Atomico
- Company type: Private
- Industry: Venture capital
- Founded: 2006; 20 years ago
- Founder: Niklas Zennström
- Products: Venture capital, growth capital
- Number of employees: 57
- Website: www.atomico.com

= Atomico =

London-based venture capital firm

Atomico is a European Venture Capital firm headquartered in London, with offices in Paris, Berlin and Stockholm. Its founder and CEO is Niklas Zennström, a serial entrepreneur who co-founded Skype and Kazaa.

== History and investments ==
It has invested in more than 155 companies across the globe via 7 funds, Atomico Ventures I, the $165 million Atomico Ventures II, Atomico III, which closed at $476 million in November 2013, the $765 million Atomico IV, the $820 million Atomico V, the $1.1 billion Atomico VI, and most recently, the $1.24 billion Atomico VII. The company publishes an annual report into the European technology industry.

Areas of interest for Atomico, include Industrial Automation, Internet Infrastructure & Security, and Future of Food. Notable growth investments in these categories include CADDi ($38 million Series C), Lakera ($20 million Series A led by Atomico), and FarmDrop (£7 million Series A).

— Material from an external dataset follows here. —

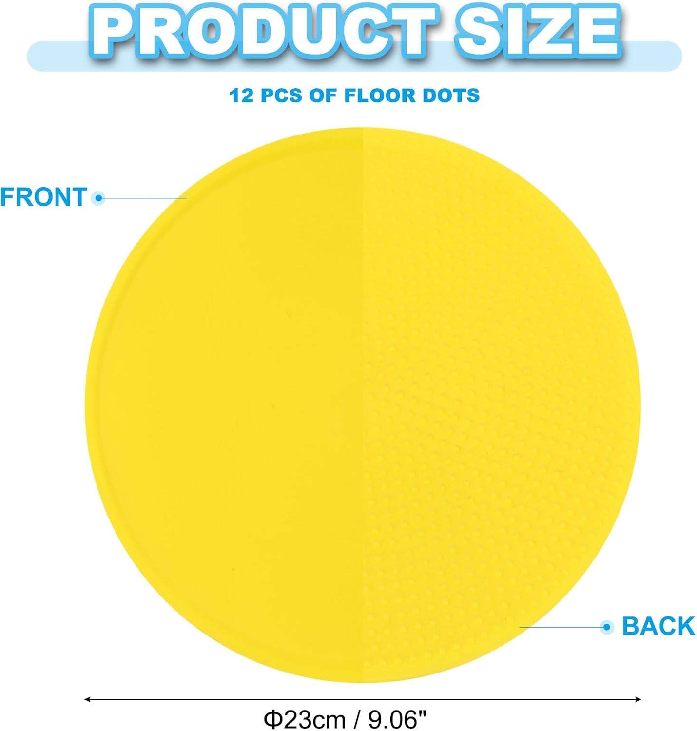 - Material: TPE; Color: Yellow; Diameter: 23cm / 9.06inch; Packing List: 12pcs of floor dots, 1 pcs of storage bag
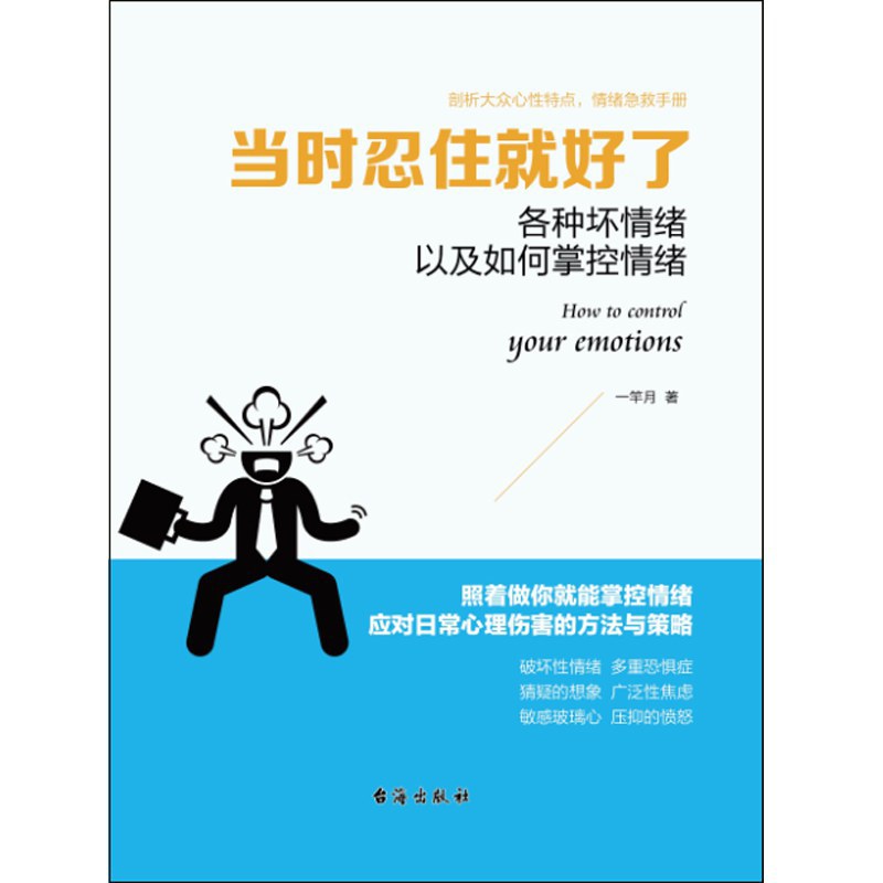《当时忍住就好了》从情绪失控、情绪管理角度着手,分析了如何在婚姻家庭、职场、人际交往等日常生活的场景中,控制好焦虑、紧张、愤怒、沮丧、悲伤、痛苦等负面情绪,以及如何将心理产生的消极倾向弱化,避免情绪失控。

The company has been involved with exits or substantial transactions in companies including Supercell (sold a majority stake to SoftBank, valuing the business at $3 billion in 2013), The Climate Corporation (acquired by Monsanto for $1.1 billion in 2013), Xobni (acquired by Yahoo! in 2013), PowerReviews (acquired by Bazaarvoice in 2012), Rovio's $1 billion IPO in September 2017, and LendInvest's IPO on the London Stock Exchange in July 2021.